## Exercise details
The expected result is the full listing, retyped exactly, without a single picture.

## Available data
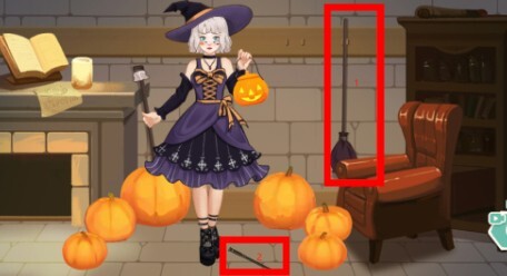 - 更换服饰:先穿鞋,戴袖套,拿起南瓜灯。
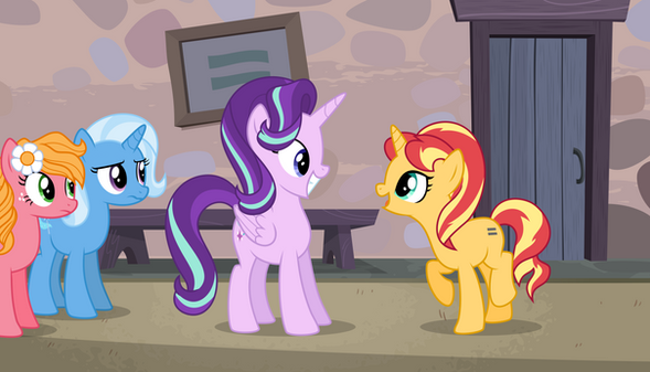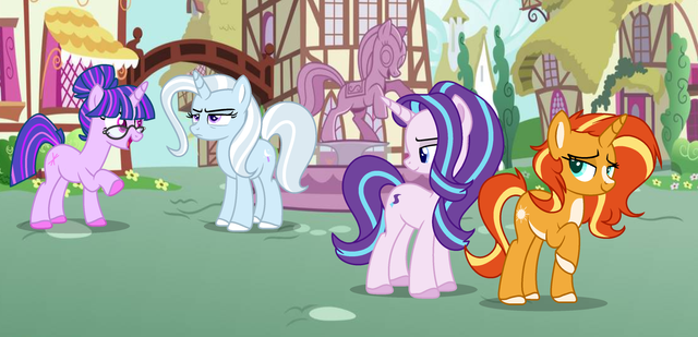 This began as a wrestling match between The Great and Powerful TRIXIE and some unimportant background pony named Sunset Shimmer ... but then I changed EVERYTHING! And now I don't know what's going on, but I guess Twilight is bringing Trixie home to Ponyville, and Coco's gonna be Sweetie's new big sister or something (I bet they'd get along like peas in a pod). Sunset is only there because someone paid her ... to, um, teach Scoots how to wrestle ... um, yeah. Either that or she's on her way home and doesn't like the company.I can't believe this is the first piece of art I post since Season 4 began.
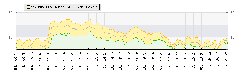 In the last few minutes the wind was South South West at an average speed of 11 kmh, reaching up to 12 kmh and a low of 7 kmh. The gust strength is5 kmh above the minimum speed |
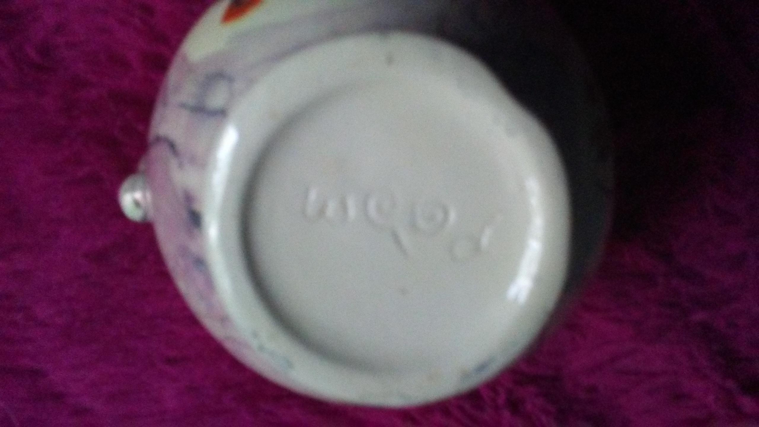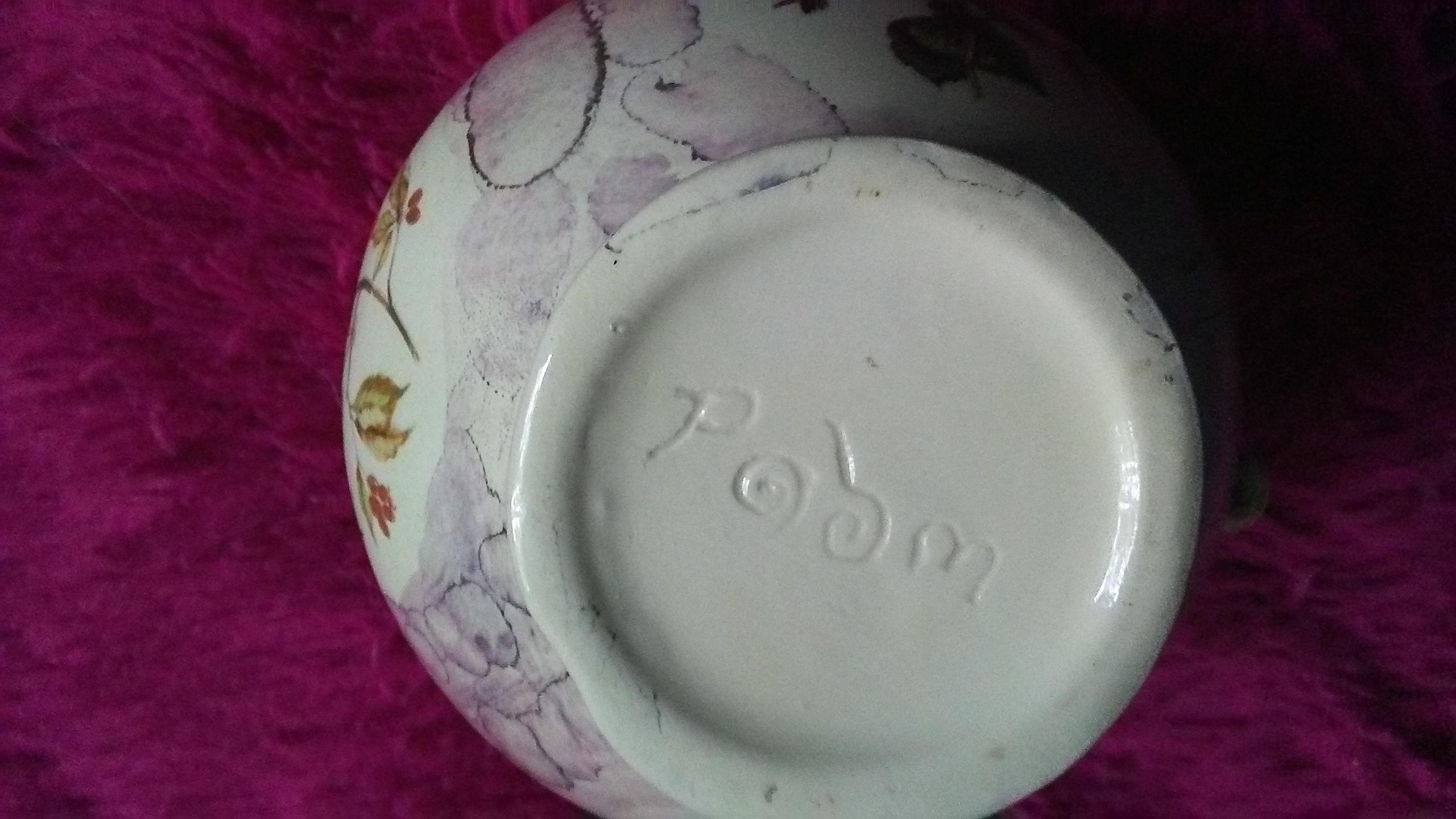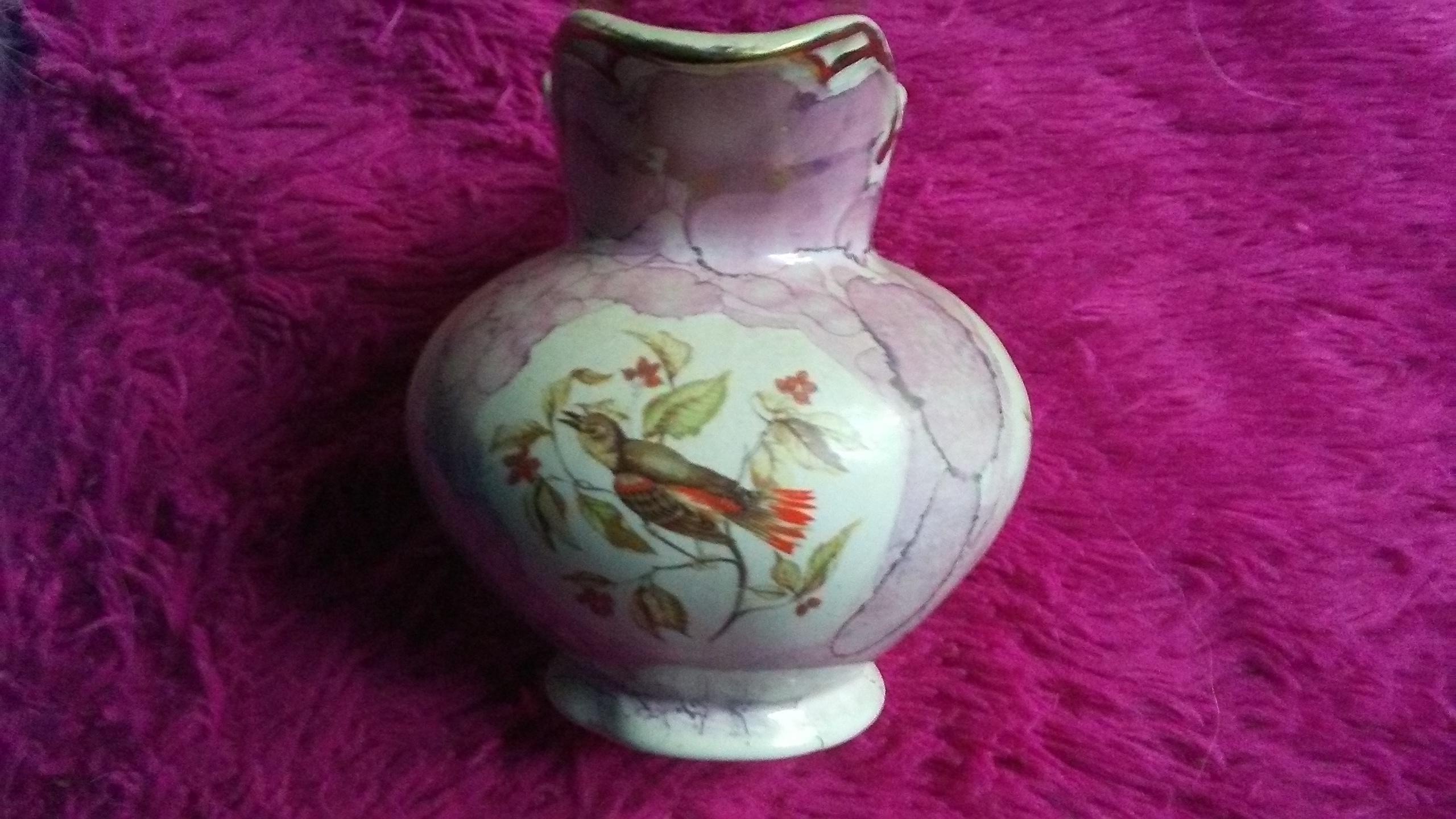 Purple, white with what appears to be some gold trim. It has hummingbirds, and other birds, as well as flowers. It is in excellent shape with no chips or cracks. I have spent countless hours trying to get the history as well as what it may be worth. But can't find anything about it.

## Final answer
 - 更换服饰:先穿鞋,戴袖套,拿起南瓜灯。
 This began as a wrestling match between The Great and Powerful TRIXIE and some unimportant background pony named Sunset Shimmer ... but then I changed EVERYTHING! And now I don't know what's going on, but I guess Twilight is bringing Trixie home to Ponyville, and Coco's gonna be Sweetie's new big sister or something (I bet they'd get along like peas in a pod). Sunset is only there because someone paid her ... to, um, teach Scoots how to wrestle ... um, yeah. Either that or she's on her way home and doesn't like the company.I can't believe this is the first piece of art I post since Season 4 began.
 In the last few minutes the wind was South South West at an average speed of 11 kmh, reaching up to 12 kmh and a low of 7 kmh. The gust strength is5 kmh above the minimum speed |
 Purple, white with what appears to be some gold trim. It has hummingbirds, and other birds, as well as flowers. It is in excellent shape with no chips or cracks. I have spent countless hours trying to get the history as well as what it may be worth. But can't find anything about it.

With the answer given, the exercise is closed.